The introduction of the Macchi permitted a brief flirtation with "all-through jet training" starting in 1969, as it was expected to reduce the time necessary to turn out high-quality pilots, and CFS had begun preparing to train instructors for this purpose in 1967. All-through jet training was dropped in 1971, subsequently being labelled "an expensive way of finding out that some pupils lacked the aptitude to become military pilots". Winjeels continued to operate at CFS until replaced by the CT-4 Airtrainer in August 1975. For the next fifteen years, the main types used for instructor training were the CT-4 and the Macchi. CFS also flew Dakotas for twin-engined instructor courses until March 1980; they were further used to train pilots of the Papua New Guinea Defence Force. The school was presented with the Queen's Colour by Governor-General Sir Zelman Cowen in September 1978. In December 1987, CFS took delivery of its first Pilatus PC-9 turboprop trainer, to replace the Macchi for advanced flying instructor training. The Roulettes converted to the PC-9 in 1989–90. The CT-4 was phased out at the school in favour of the PC-9 in December 1991.

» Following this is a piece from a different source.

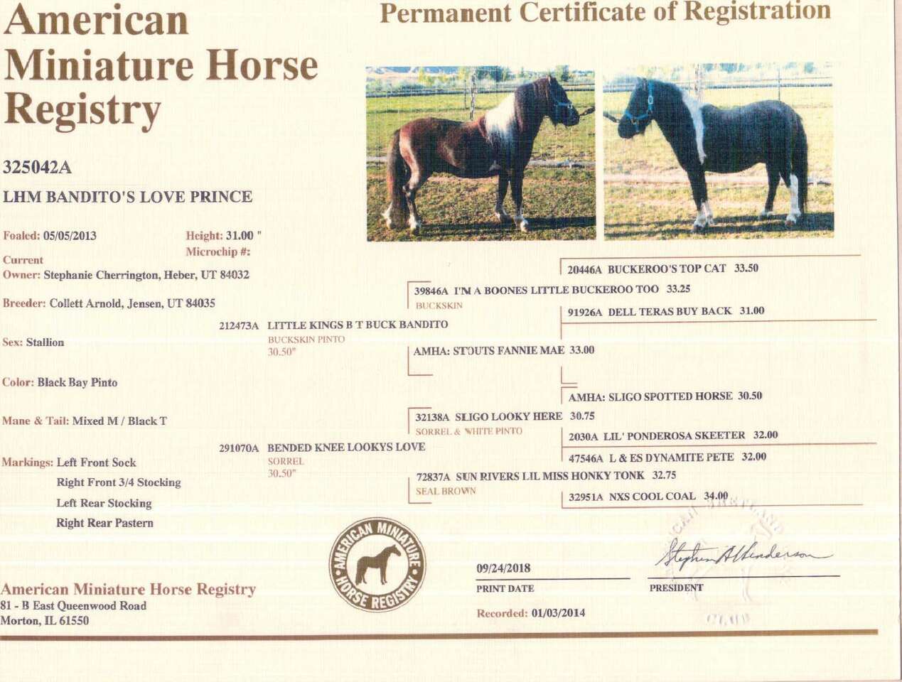PHONE CALLS ONLY. LHM Banditos Love Prince 31.50" tall. Class A Miniature. FOR BREEDING ONLY NOT FOR SALE. Bandito is a .2013 model. Bandito is out of the famous Boones Little Buckeroo Too bloodline. Bandito is a proven stallion. Bandito has been Veterinary inspected for AMHA. He is D N A tested at U C DAVIS. He is Parentage Qualified through U C Davis. His DNA is recorded with University of Kentucky for AMHR.. He is registered in American Miniature Horse Association, American Miniature Horse Registry, World Class Miniature Horse Registry and Pinto Horse Association of America He is cute and correct. Nice Conformation. Sire: Little Kings B T Buck Bandito, 30.50", Buckskin Pinto. Dam: Bended Knee Lookys Love, 30.50", Sorrel. The foal in the photos is his first foal that he has had. The last pics are of his foals this year. We are expecting several more next spring. PHONE CALLS ONLY 801.573.1509. You can also check our website for more stallions at WWW.CAMEOPAINTSMINIATURES.COM. Thanks for looking.

CFS continued to operate the PC-9 for pilot instructor training at East Sale, until their phase-out and replacement by the PC-21 in December 2019, under the control of the Air Force Training Group's Air Training Wing, and to administer flying standards across the RAAF. Practising and performing with the Roulettes, which celebrated its fiftieth anniversary in 2020, remains a secondary task for team members after their instructional duties. As well as the Roulettes' displays, the school is responsible for the training and public relations work of the Air Force Balloons, which are co-located with No. 28 Squadron at in Canberra. In their role supporting RAAF recruitment and public awareness, the two hot-air balloons are often employed in rural areas as an economical alternative to displays by the Roulettes or other aircraft.